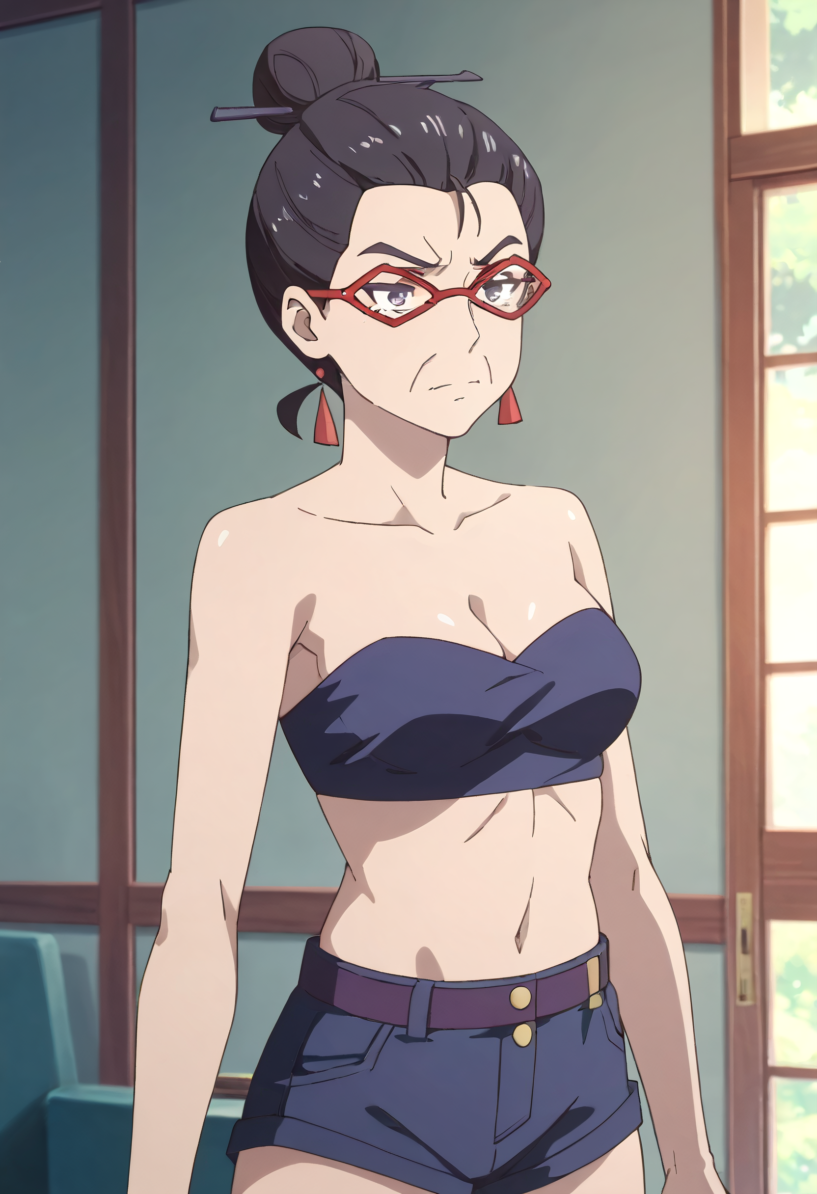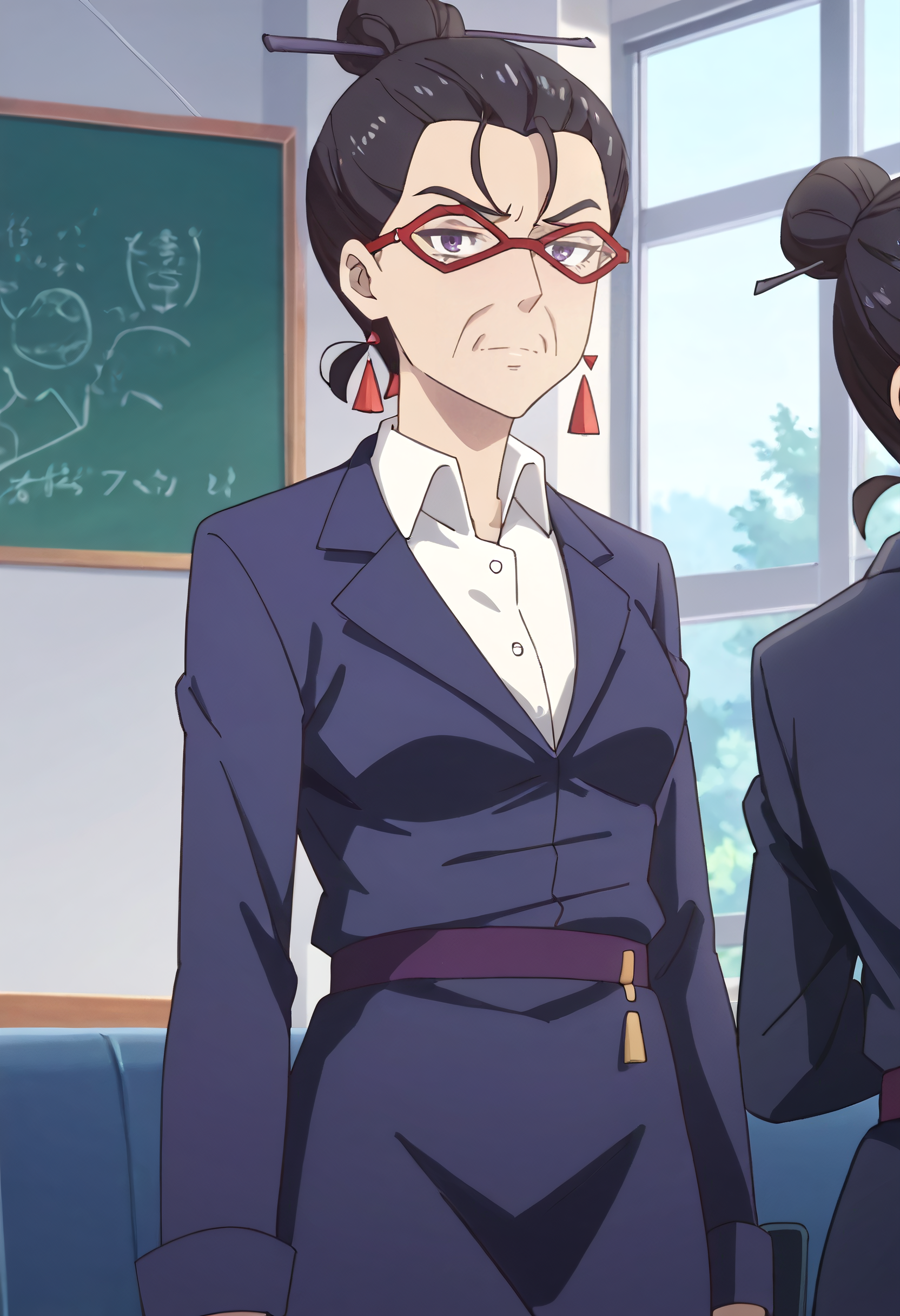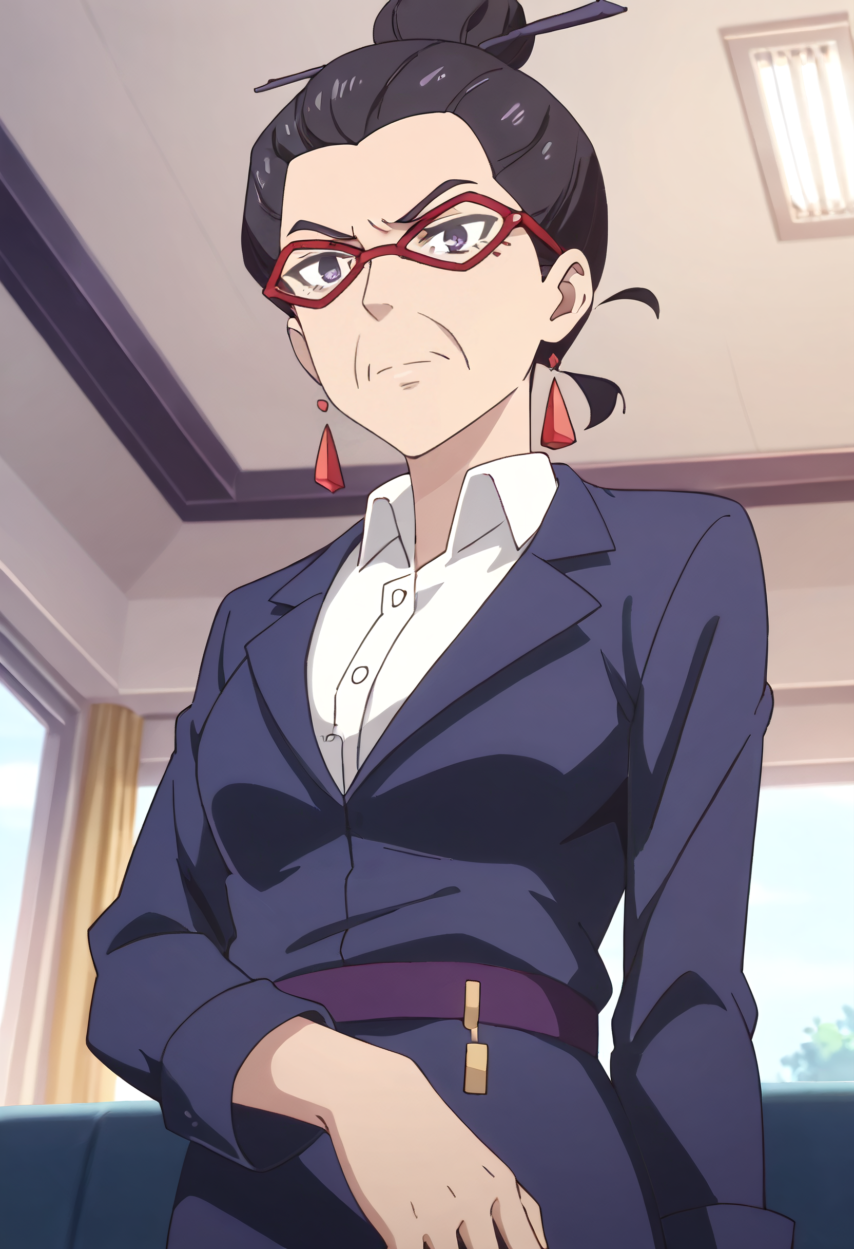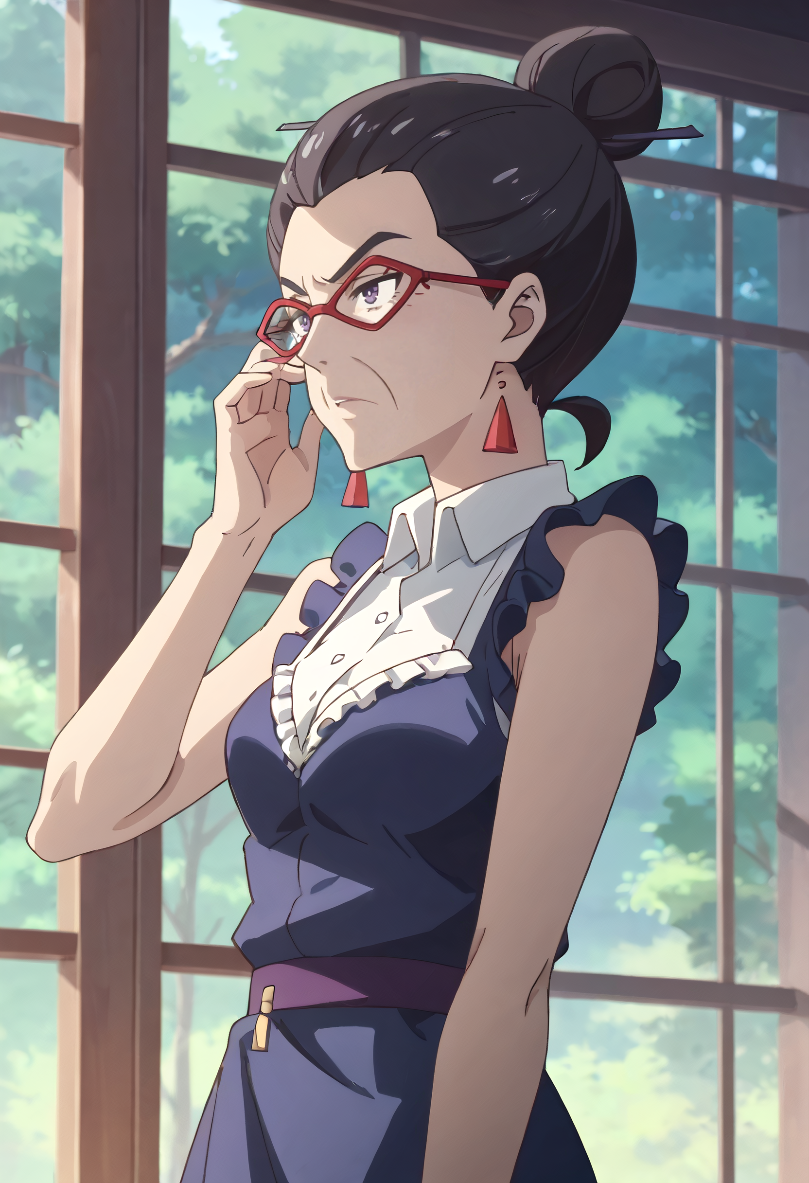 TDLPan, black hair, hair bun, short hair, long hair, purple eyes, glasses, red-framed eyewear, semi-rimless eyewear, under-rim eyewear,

★ ★ ★ ★ ★

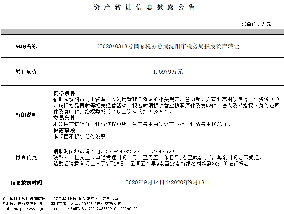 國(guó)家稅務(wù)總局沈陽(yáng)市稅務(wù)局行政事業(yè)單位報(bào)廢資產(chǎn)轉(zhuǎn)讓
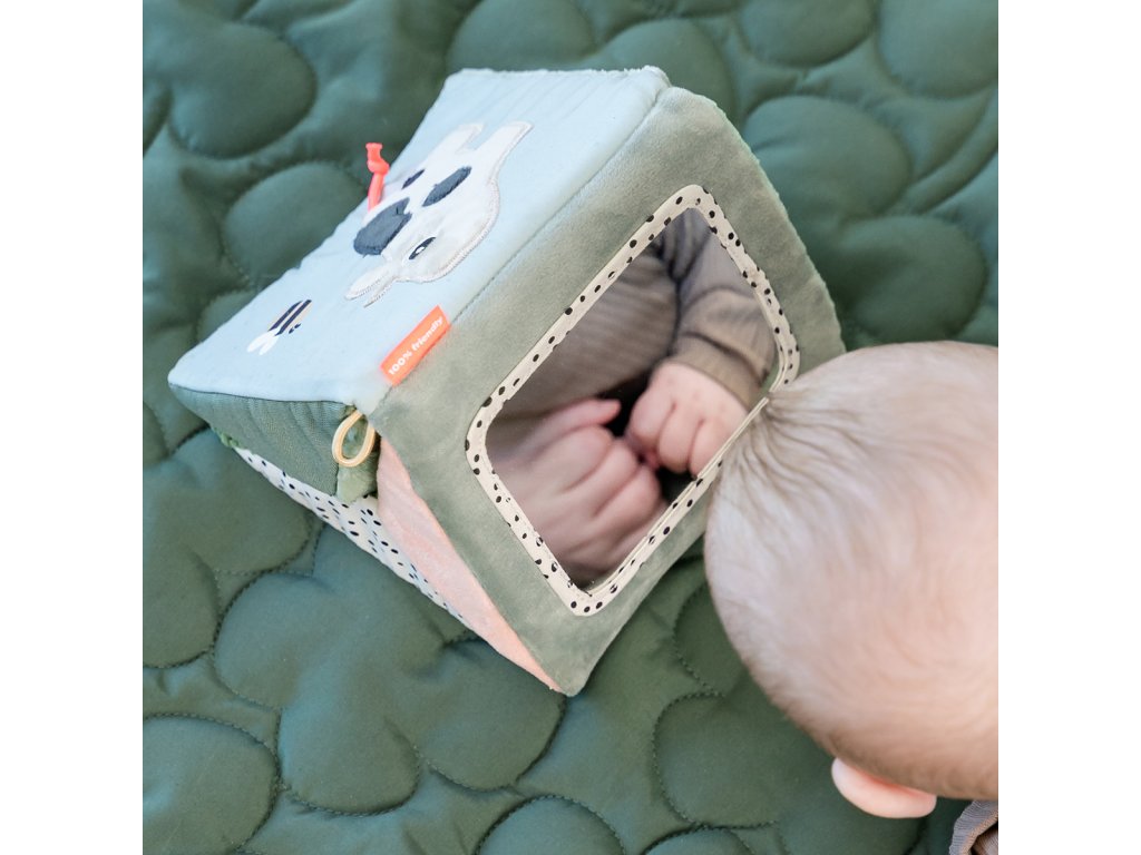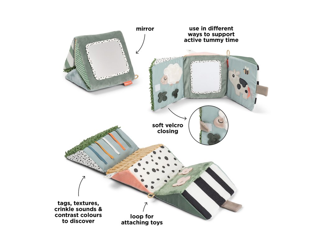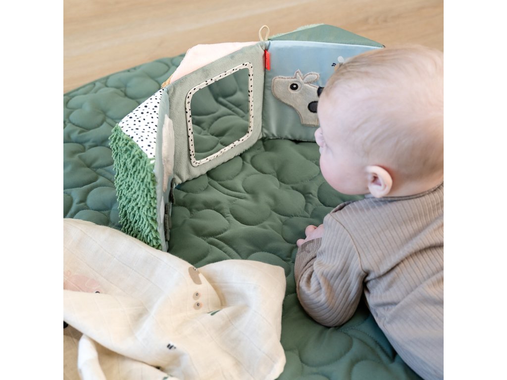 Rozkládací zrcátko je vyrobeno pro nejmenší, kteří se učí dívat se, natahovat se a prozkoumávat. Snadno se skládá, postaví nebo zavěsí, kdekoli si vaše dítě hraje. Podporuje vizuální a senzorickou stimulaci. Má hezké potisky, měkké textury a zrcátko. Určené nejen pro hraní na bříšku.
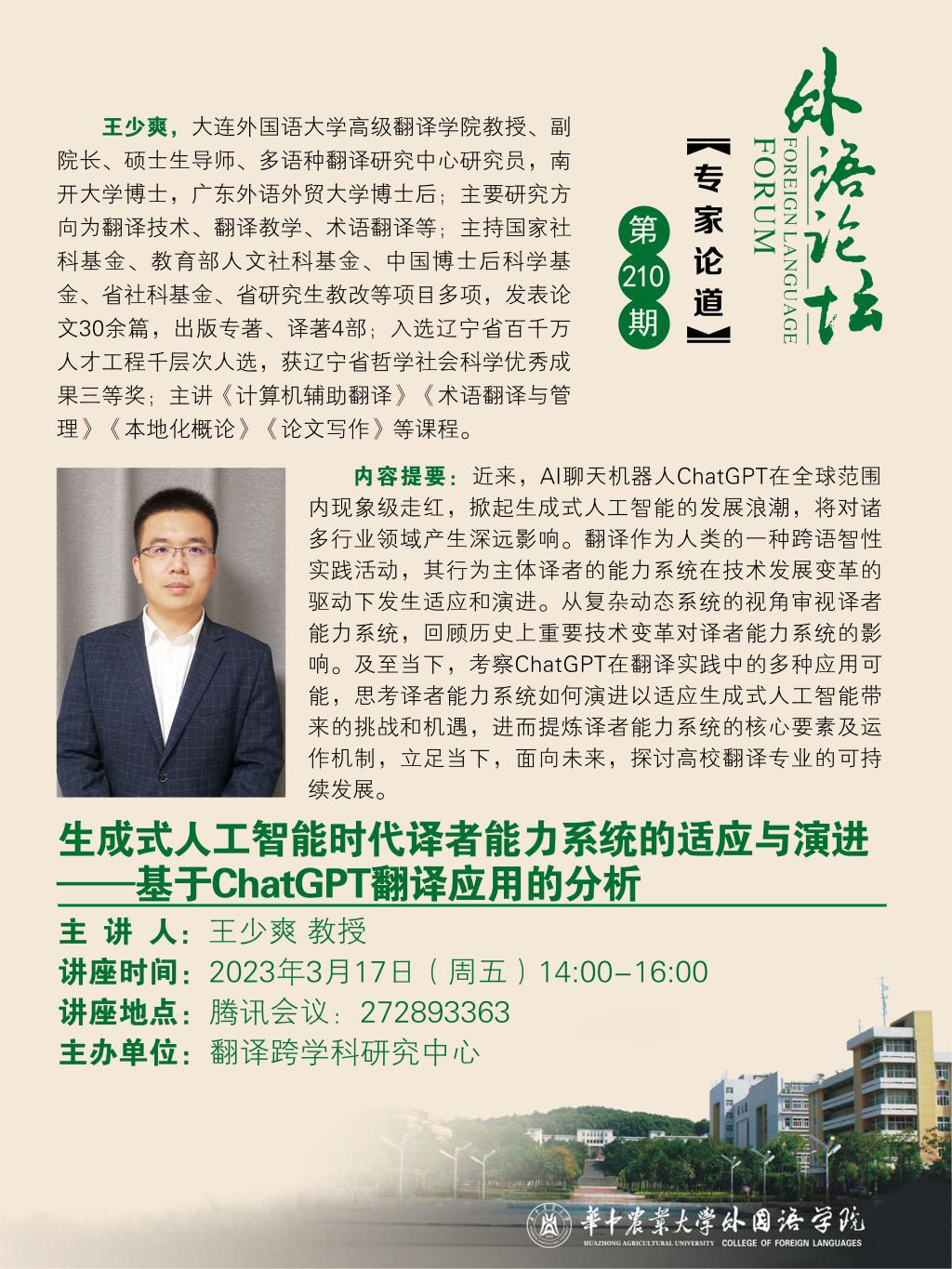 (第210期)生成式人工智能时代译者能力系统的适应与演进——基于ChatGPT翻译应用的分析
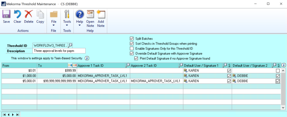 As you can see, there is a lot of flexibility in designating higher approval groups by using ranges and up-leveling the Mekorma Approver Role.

★ ★ ★ ★ ★

## [Exercise prompt]
Going by the entries above, repeat exactly the lines that start at the line with "Rozkládací zrcátko je" and go on through the line with "As you can see, there". Pictures are not part of the copy.

## [Problem solution]
 Rozkládací zrcátko je vyrobeno pro nejmenší, kteří se učí dívat se, natahovat se a prozkoumávat. Snadno se skládá, postaví nebo zavěsí, kdekoli si vaše dítě hraje. Podporuje vizuální a senzorickou stimulaci. Má hezké potisky, měkké textury a zrcátko. Určené nejen pro hraní na bříšku.
 (第210期)生成式人工智能时代译者能力系统的适应与演进——基于ChatGPT翻译应用的分析
 As you can see, there is a lot of flexibility in designating higher approval groups by using ranges and up-leveling the Mekorma Approver Role.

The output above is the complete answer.